HBR’s article Leadership That Gets Results introduced six leadership styles:
Coercive leaders demand immediate compliance. Authoritative leaders mobilize people toward a vision. Affiliative leaders create emotional bonds and harmony. Democratic leaders build consensus through participation. Pacesetting leaders expect excellence and self-direction. And coaching leaders develop people for the future.
It further claims that:
Leaders who have mastered four or more—especially the authoritative, democratic, affiliative, and coaching styles—have the best climate and business performance.
It’s not hard to that three of the four styles there — democratic, affiliative and coaching styles — are people-centric.
Trust is that saturated word in most people-centric narratives.
Trust among team members, trust in leadership, trust with clients, trust from customers.
Trust is a good thing, maybe the best of things.
But obsessing with trust is missing the point, because if we take care of people, then trust will take care of itself.
Why?
There are three reasons for that:
- Trust is merely a reliable social means to the people-centric, social end.
- Trust is just one of many critical elements for being people-centric.
- Trust-less coordination, cooperation and collaboration is feasible with new decentralizing technologies such as blockchain.
Trust as Means to a Social End
Trust is hard to build and easy to collapse.
Enough has been said about the importance of trust in team building, leadership and organizations.
But don’t take it the wrong way – we cherish trust not because trust itself has any utilitarian value (it does have cultural value), but because trust enables many other essential social values.
Trust is an enabler, but it’s not the only one.
As a leader, if you don’t take care of people, then you don’t get to talk about trust. Not vice versa.
Trust as a People-Centric Quality
What does people-centric mean? What kind of observable evidence would you need to see to make you truly believe that your organization and leaders are being people-centric?
We may find evidence in the employees’ confidence in the leaders and in the organization. We may also find it in the lores they tell. After all, organization is the mobilization of bias.
Yet trust is more.
Trust may be found and lost by evidence, but it’s often sustained by faith.
We can only avoid exploitation of trust when it goes both ways.
Being people-centric needs so much more than trust.
Trust as a Redundancy in Trust-less Organization
Security and blockchain technologies and the like have long been showing us that trust-less coordination, cooperation and collaboration is not only possible, but also feasible.
With new organizational paradigms like DAO (Decentralized Autonomous Organization), we see emerging possibilities of new organizational landscapes where trust is not necessarily the essential ingredient of process, structure and function formations in organizations.
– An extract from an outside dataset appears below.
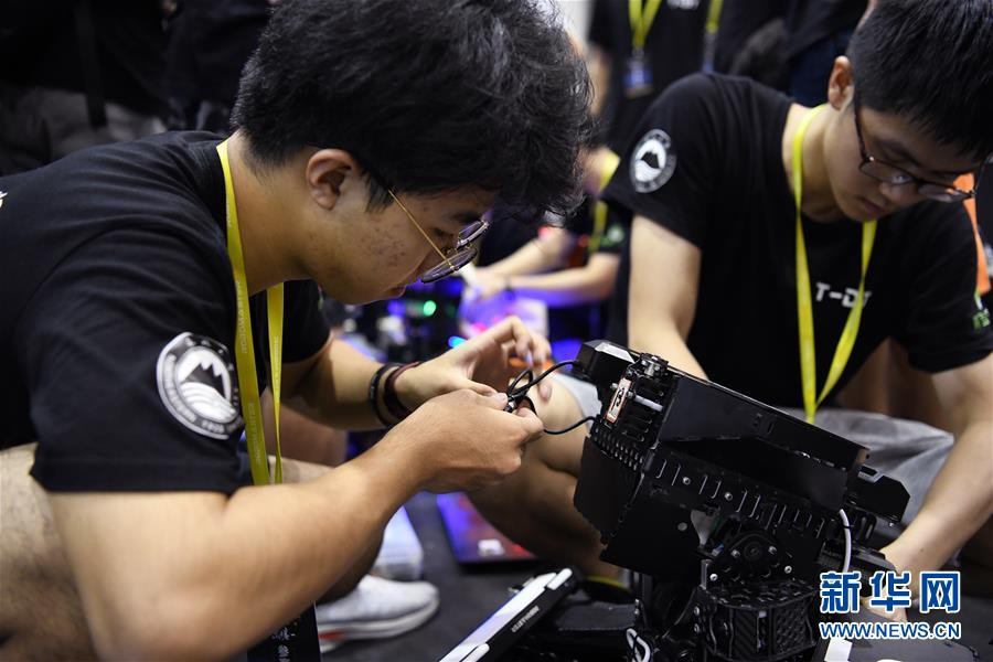 8月11日,东北大学TDT战队队员在赛前调试机器人。 新华社记者 梁旭 摄

Admittedly, trust is still and perhaps will always be critical to culture and purpose formations in organizations.
The only problem that can’t be solved by technology is people.
Even in a trust-less organization, people still need to be taken care of.
Takeaways
Just as leaders can build trust for good, they can also succinctly use it as part of the organizational lores that aim to keep the status-quo and direct people’s attention away from the structural oversight – one that makes sure leaders are taking good care of people.
As important as trust is in organizations, it’s only one of many elements that makes or breaks them. Trust may or may not be the skeleton key to a purpose-fulfilling organization.
An organizing world without trust is not unthinkable, even though a culture without it is.